System optimization is paramount. There are many techniques to achieve this but the goal is always scalability, performance, and reliability. In this article, we shall analyze an architecture that I came up with to identify the problems that we need to solve using OTP. One of the services (Mbanking) simulates a banking system and the other service (Mgate) simulates a payment gateway. This architecture is very common in fintech. We shall break this optimization into three parts and this article will focus on identifying the problem that we need to fix. Please, do not optimize prematurely without any measurements.
Mbanking Architecture
As you can see from the swimlanes diagram, this service is responsible for accepting payment requests and processing them asynchronously. The client which is Mgate will have to get the status of the request by calling a different API. This service has been built using Nest.js, and PostgreSQL and you can find the source code here. We shall assume that this is a third-party system that we don’t have control over. So we shall be making our changes to the Mgate service.
Mgate Architecture
Mgate is receiving payment requests from a client and forwarding them to the third-party service. As you can see, the client only receives the response if the third-party service has responded. This is one of the problems that we need to fix and we shall see why in a minute. This service was built using Elixir/Phoenix and PostgreSQL. Please find the source code Here.
The Problem
You might be asking yourself, if this design works (it actually works guys), then what is the issue? To find out, we need to understand how the Mbanking service works as illustrated in the diagram.

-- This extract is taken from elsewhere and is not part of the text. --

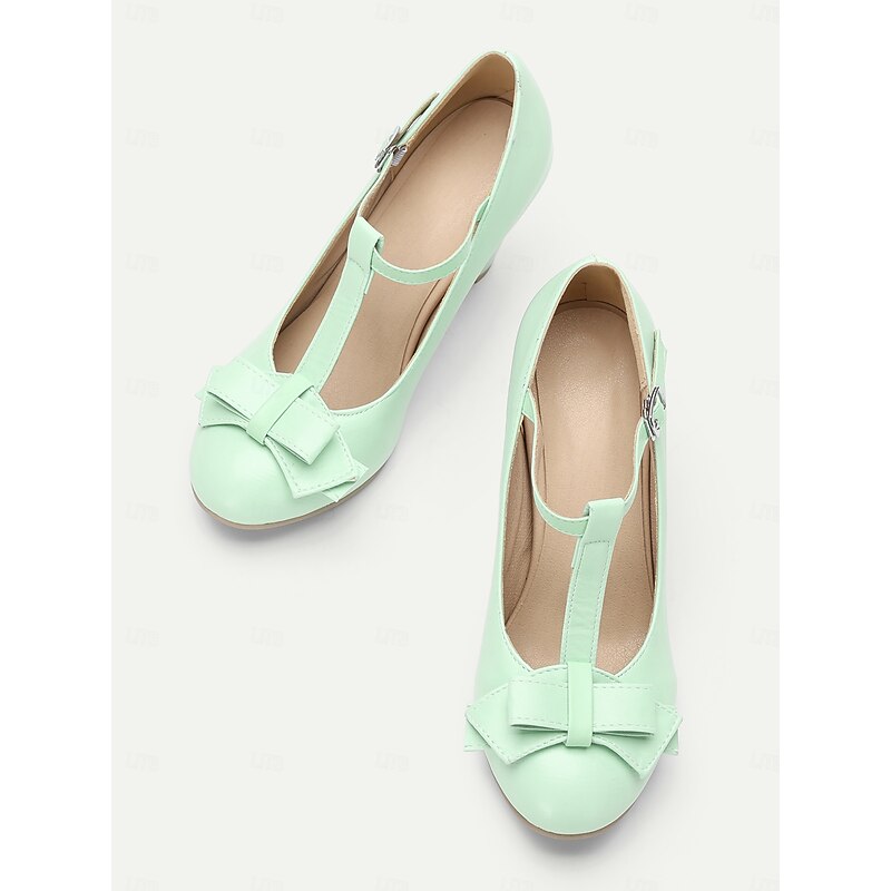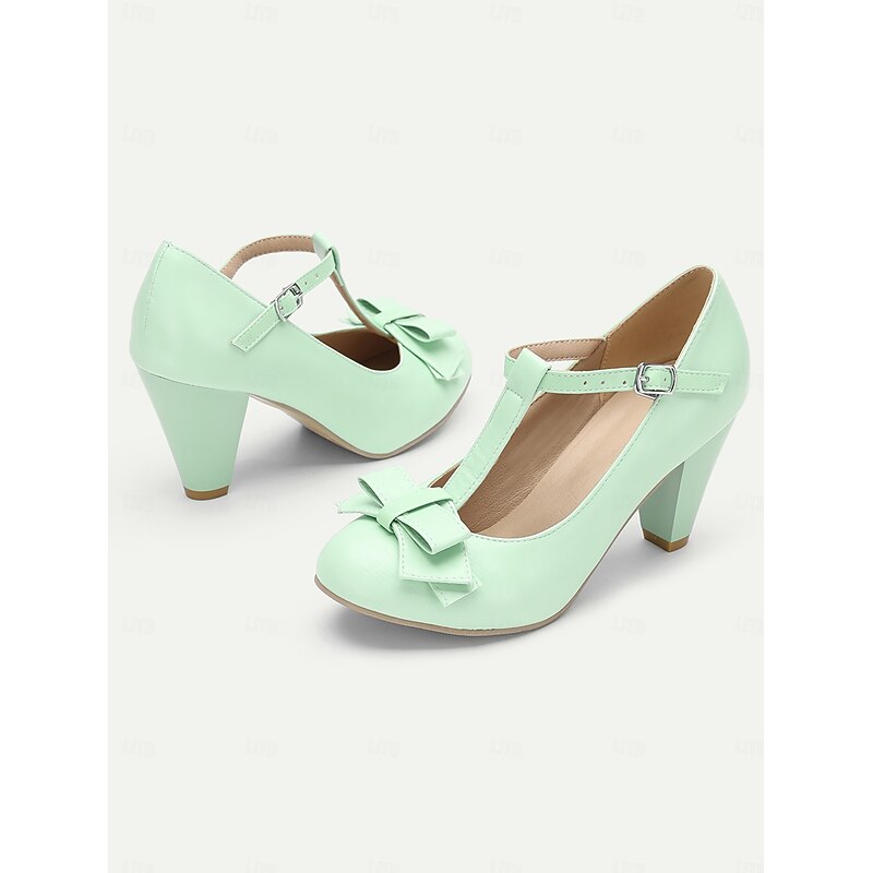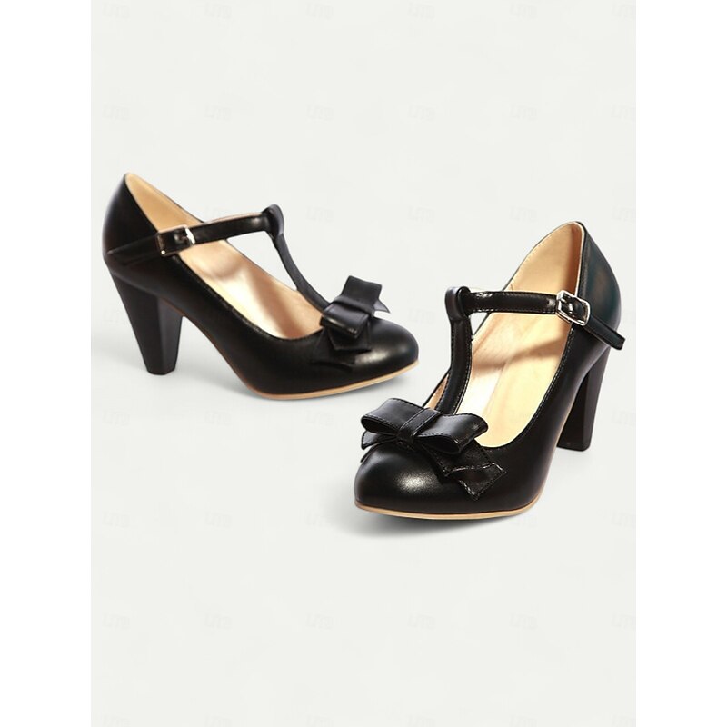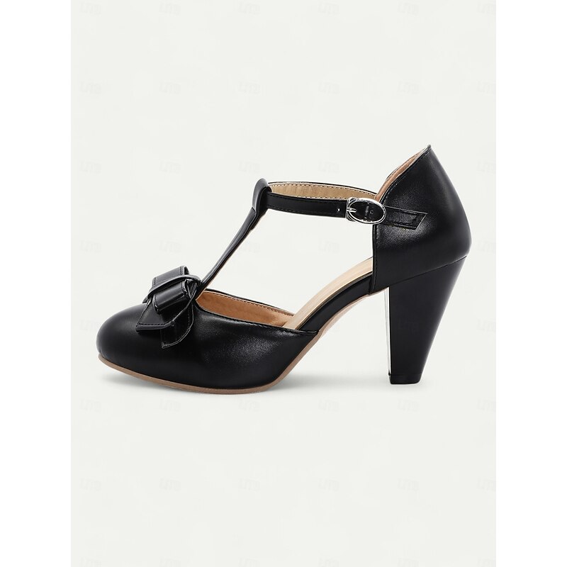 Highlights [Fabric] : Made from high-quality PU for the upper material and synthetic leather for the lining, these shoes promise durability and a sleek, polished appearance. The rubber outsole ensures a comfortable grip, making these heels perfect for all-day wear. [Silhouette] : These vintage-style pumps feature a classic T-strap design with a round toe and a sturdy cone heel for added stability. The structure provides a timeless silhouette that complements a variety of outfits. [Design Highlights] : Adorned with a chic bow detail at the toe and a secure buckle closure, these heels blend feminine elegance with vintage charm. The T-strap not only offers a secure fit but also enhances the shoe's stylish appeal. [Occasions] : Ideal for parties, formal events, and daily or work wear, these versatile heels are suitable for a range of settings, from elegant gatherings to casual outings, adding a touch of retro sophistication to any look. [Size Notice] : Available in a range of sizes from US5.5 to US10.5, these shoes are designed as standard size. It is recommended to select your usual size for the best fit.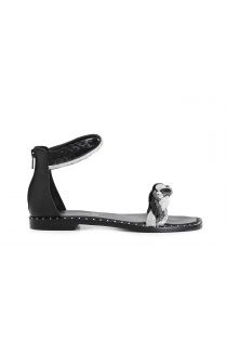 Closed back sandals with zippers enriched by a rhinestone and woven raffia band and studded leather sole with welt. Leather insole and lining.

When a request comes in, it is validated, saved to the database, and added to the queue. The client gets a response with the status accepted. The background process will then reach out to the customer to authorize payment by entering a One Time Password (OTP). please do not confuse this OTP with the Open Telecom Platform. Because this requires external input from humans, it can take quite some time. When the user authorizes, the payment processing is complete and the gateway can request the status of this transaction via another API. For most of the FinTech applications, there is always a callback/webhook that is triggered when the payment operation is done (sorry, I did not implement this). Anyways, with this kind of design, The Mbanking service is able to handle a high volume of request by processing it concurrently. This leads to high responsiveness, better resource utilization, and increased throughput.
On the other hand, Mgate is making a synchronous call to the Mbanking service and is blocking until the Mbanking service returns a response. This is not a good design especially when we know that the immediate response from the Mbanking service is not a successful one (ie payment is not processed yet). When the Mbanking service is down for some reason unknown to Mgate, The request will be left hanging in the Mgate database and the client will need to initiate another request. This is not a good user experience. At the very least, Mgate should be able to retry or fail the request. As a result of all these, Mgate will not be able to process a high volume of requests which is usually the work of a gateway service. So, here is the list of glaring issues with this design
Blocking calls – Mgate makes synchronous calls to the Mbanking and blocks until it gets a response. This limits the system’s ability to handle a high volume of requests concurrently.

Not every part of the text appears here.